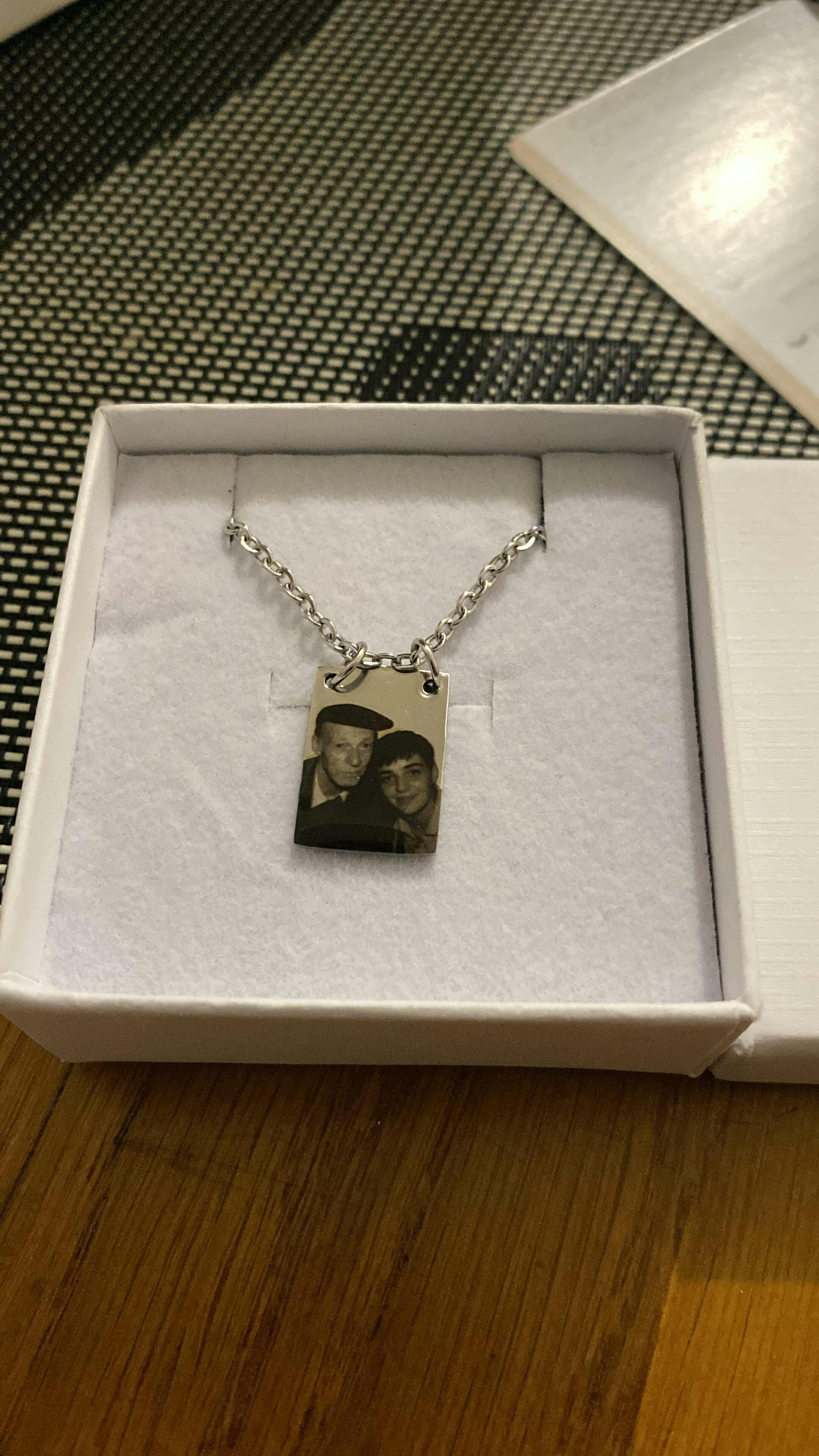 O Colar Personalizado Retangular é uma peça pensada para guardar memórias — através da gravação a laser de uma fotografia, uma frase com significado ou até a caligrafia de alguém especial.
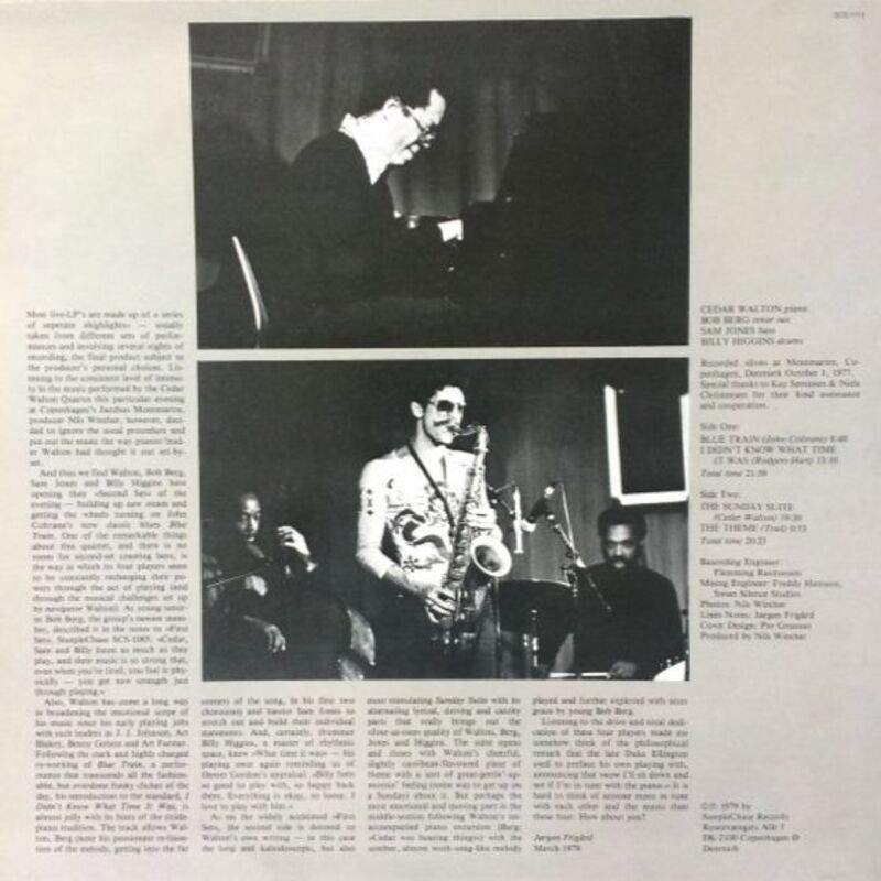 A richly and interestingly textured arrangement of John Coltrane's "Blue Trane" opens SECOND SET. Walton launches into his solo, doubling Sam Jones' Horace Silver-flavored Latin bassline. Walton's playing is expansive and conceptually tight, superimposing an easy blues swing over the groove. A lovely, medium-tempo version of Richard Rodgers "I Didn't Know What Time it Was" follows. Cedar's touch is incisive without being unpleasant. While the understated rhythm section work by Jones and Billy Higgins is also fine, the young Bob Berg, perhaps too influenced by Michael Brecker's pentatonic approach, doesn't quite catch the mood of the tune. SECOND SET ends with the multi-sectioned "Sunday Suite," a Walton original. Higgins injects spaces and sonic beauty into his intelligently crafted solo, getting finely sculpted sounds out of his drums and cymbals.
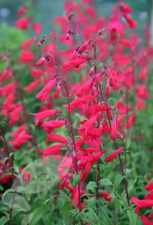 玄参科钓钟柳属,多年生草本,株高达90cm。单叶,对生或基生,披针形、线形,全缘,光滑或有毛。总状花序,亮红色,小花长2.5cm;花冠二唇裂,下唇反卷有毛;上唇突出;雄蕊5枚,雌蕊1枚;花期夏季,蒴果秋季成熟。有粉花及红花栽培品种。
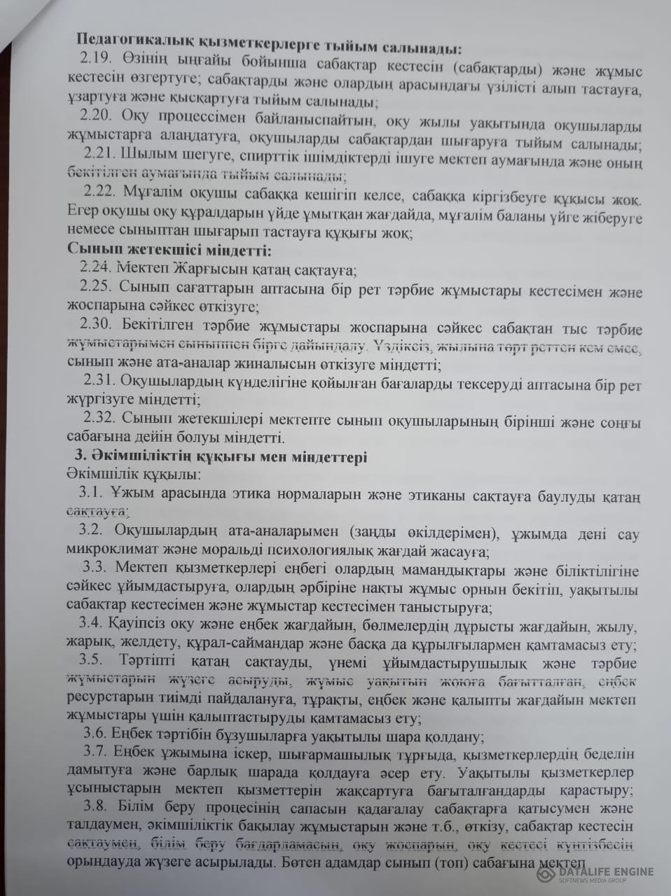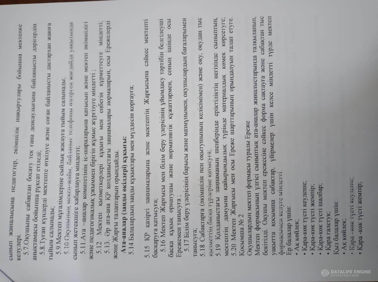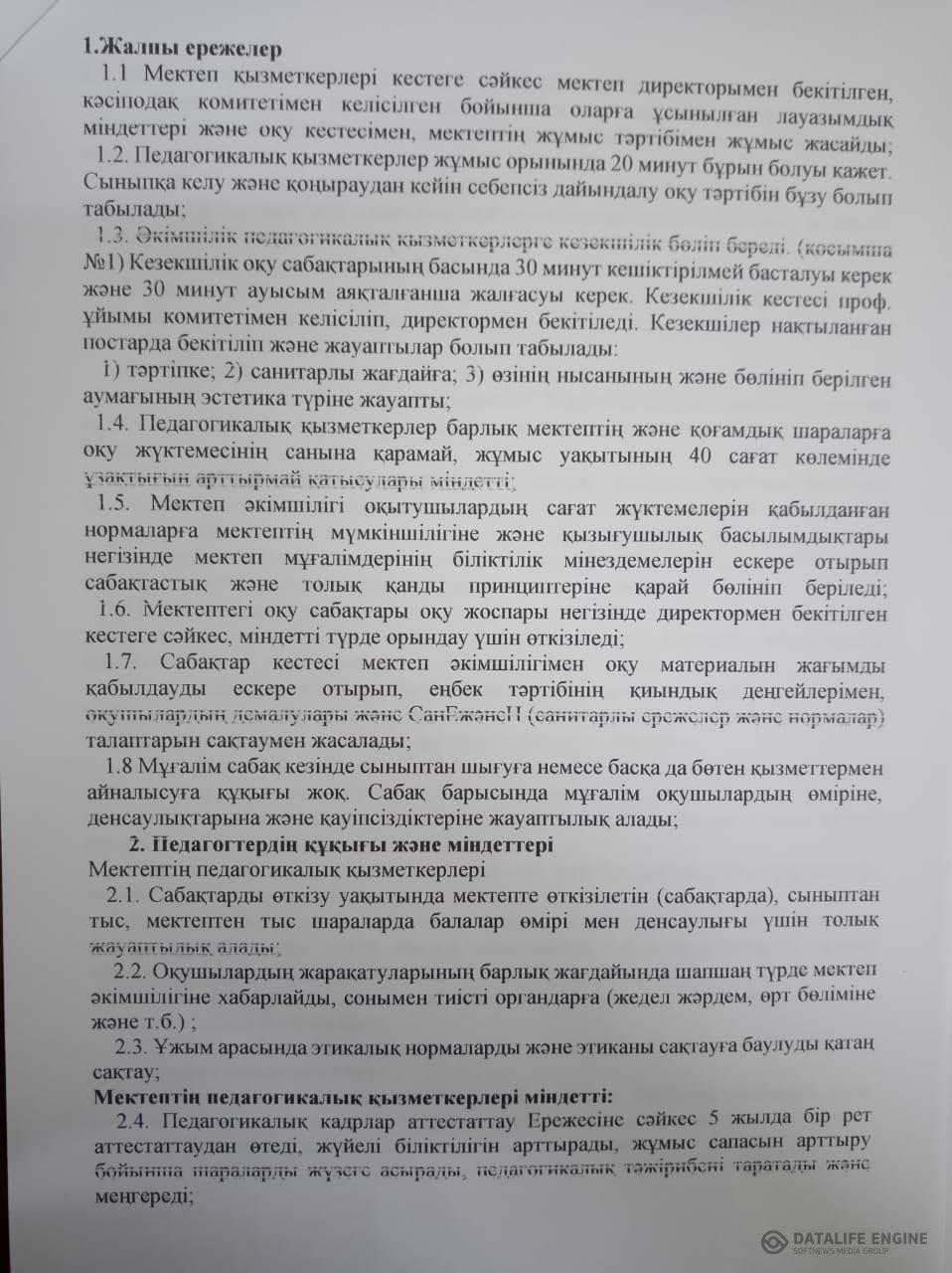 » Шу қаласы, Төле би атындағы орта мектебінің ішкі тәртіп Ережесі
****************************************
Copy the whole listing above word for word but do not carry over the pictures.

 O Colar Personalizado Retangular é uma peça pensada para guardar memórias — através da gravação a laser de uma fotografia, uma frase com significado ou até a caligrafia de alguém especial.
 A richly and interestingly textured arrangement of John Coltrane's "Blue Trane" opens SECOND SET. Walton launches into his solo, doubling Sam Jones' Horace Silver-flavored Latin bassline. Walton's playing is expansive and conceptually tight, superimposing an easy blues swing over the groove. A lovely, medium-tempo version of Richard Rodgers "I Didn't Know What Time it Was" follows. Cedar's touch is incisive without being unpleasant. While the understated rhythm section work by Jones and Billy Higgins is also fine, the young Bob Berg, perhaps too influenced by Michael Brecker's pentatonic approach, doesn't quite catch the mood of the tune. SECOND SET ends with the multi-sectioned "Sunday Suite," a Walton original. Higgins injects spaces and sonic beauty into his intelligently crafted solo, getting finely sculpted sounds out of his drums and cymbals.
 玄参科钓钟柳属,多年生草本,株高达90cm。单叶,对生或基生,披针形、线形,全缘,光滑或有毛。总状花序,亮红色,小花长2.5cm;花冠二唇裂,下唇反卷有毛;上唇突出;雄蕊5枚,雌蕊1枚;花期夏季,蒴果秋季成熟。有粉花及红花栽培品种。
 » Шу қаласы, Төле би атындағы орта мектебінің ішкі тәртіп Ережесі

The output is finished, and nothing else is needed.